* **EXERCISE DIRECTIONS**
In the records below, find the line with "This is a vintage" and repeat exactly every line from it through the line with "In the series". Pictures stay out.

(EXERCISE DATA)

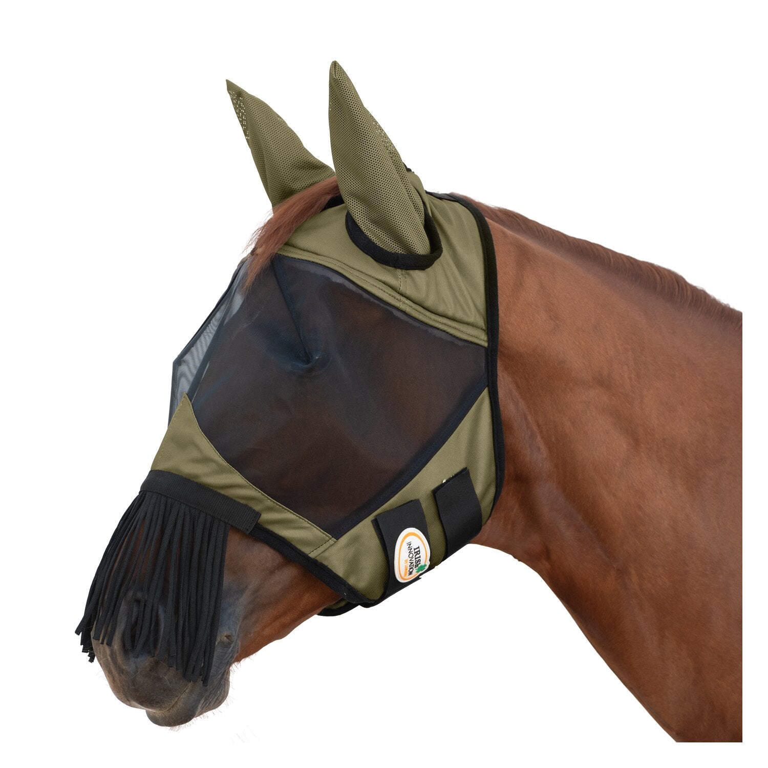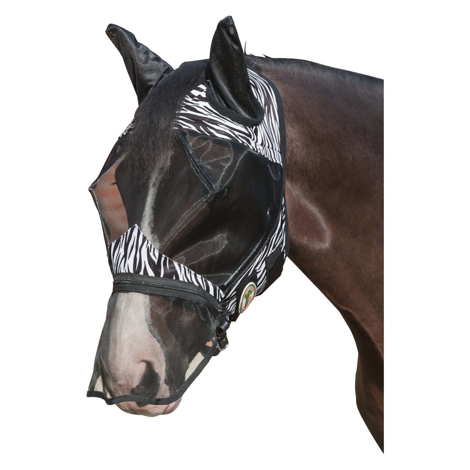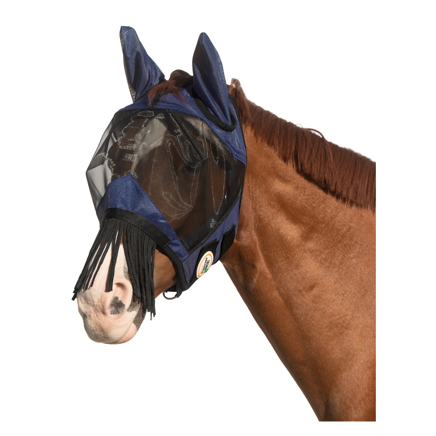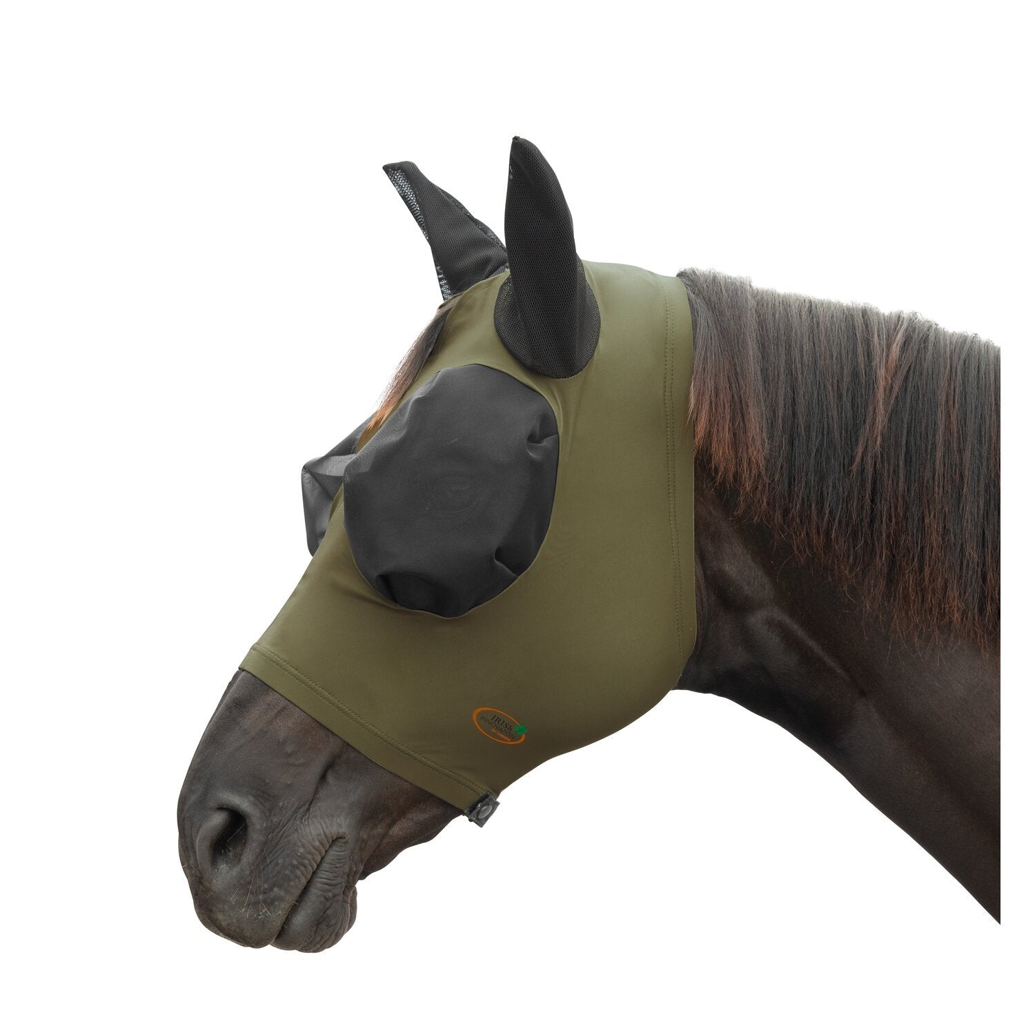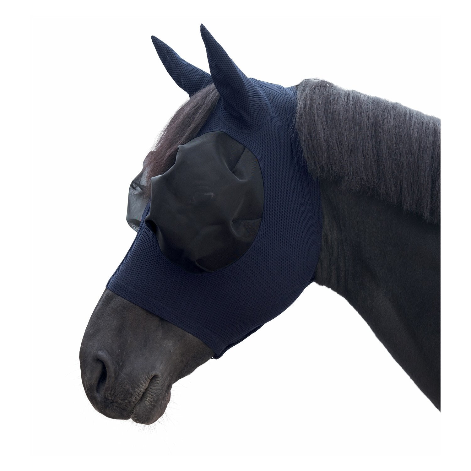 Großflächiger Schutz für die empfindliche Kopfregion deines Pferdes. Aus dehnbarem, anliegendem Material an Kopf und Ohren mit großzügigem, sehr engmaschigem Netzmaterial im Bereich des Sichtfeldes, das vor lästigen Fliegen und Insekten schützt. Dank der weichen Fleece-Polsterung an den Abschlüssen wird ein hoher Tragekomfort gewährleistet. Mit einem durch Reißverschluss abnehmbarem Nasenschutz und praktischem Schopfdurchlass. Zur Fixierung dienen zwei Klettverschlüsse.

(End EXERCISE DATA)
(EXERCISE DATA)

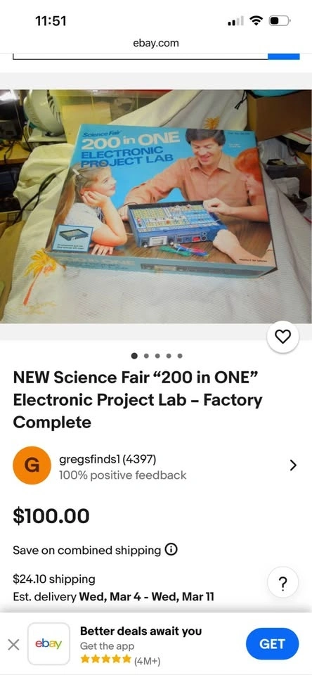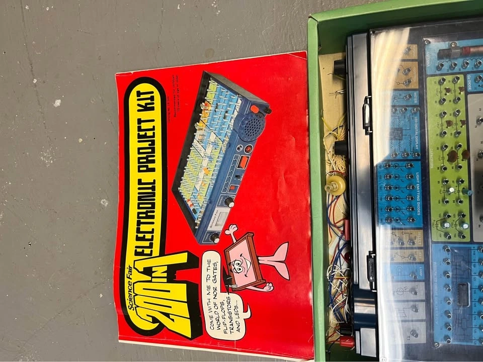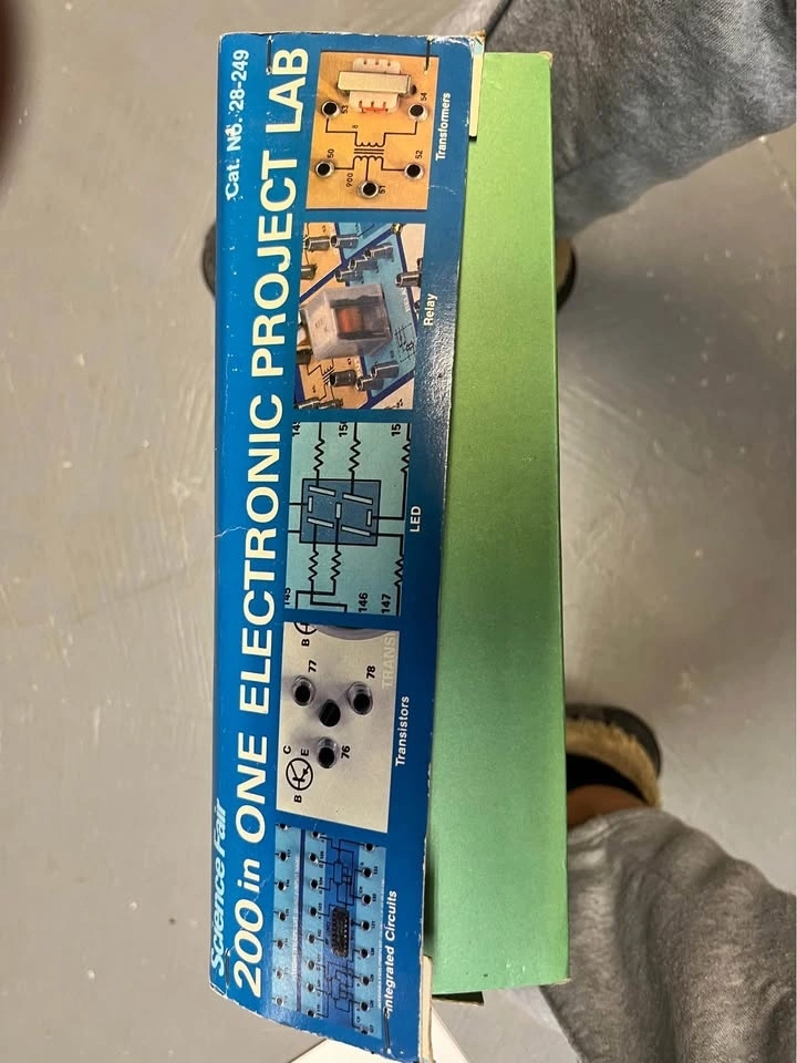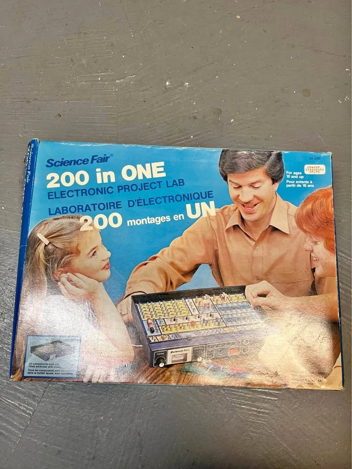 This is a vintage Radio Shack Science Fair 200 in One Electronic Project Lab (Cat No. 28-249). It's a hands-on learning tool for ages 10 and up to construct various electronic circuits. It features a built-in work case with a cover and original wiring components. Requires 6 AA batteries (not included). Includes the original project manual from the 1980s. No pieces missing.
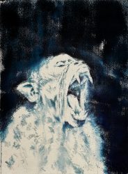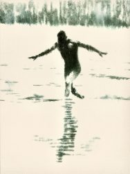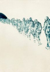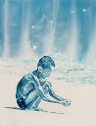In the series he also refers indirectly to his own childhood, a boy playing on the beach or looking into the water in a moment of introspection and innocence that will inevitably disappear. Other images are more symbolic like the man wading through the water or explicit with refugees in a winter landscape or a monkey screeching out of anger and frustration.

(End EXERCISE DATA)

* **RESPONSE BOX**
 This is a vintage Radio Shack Science Fair 200 in One Electronic Project Lab (Cat No. 28-249). It's a hands-on learning tool for ages 10 and up to construct various electronic circuits. It features a built-in work case with a cover and original wiring components. Requires 6 AA batteries (not included). Includes the original project manual from the 1980s. No pieces missing.
In the series he also refers indirectly to his own childhood, a boy playing on the beach or looking into the water in a moment of introspection and innocence that will inevitably disappear. Other images are more symbolic like the man wading through the water or explicit with refugees in a winter landscape or a monkey screeching out of anger and frustration.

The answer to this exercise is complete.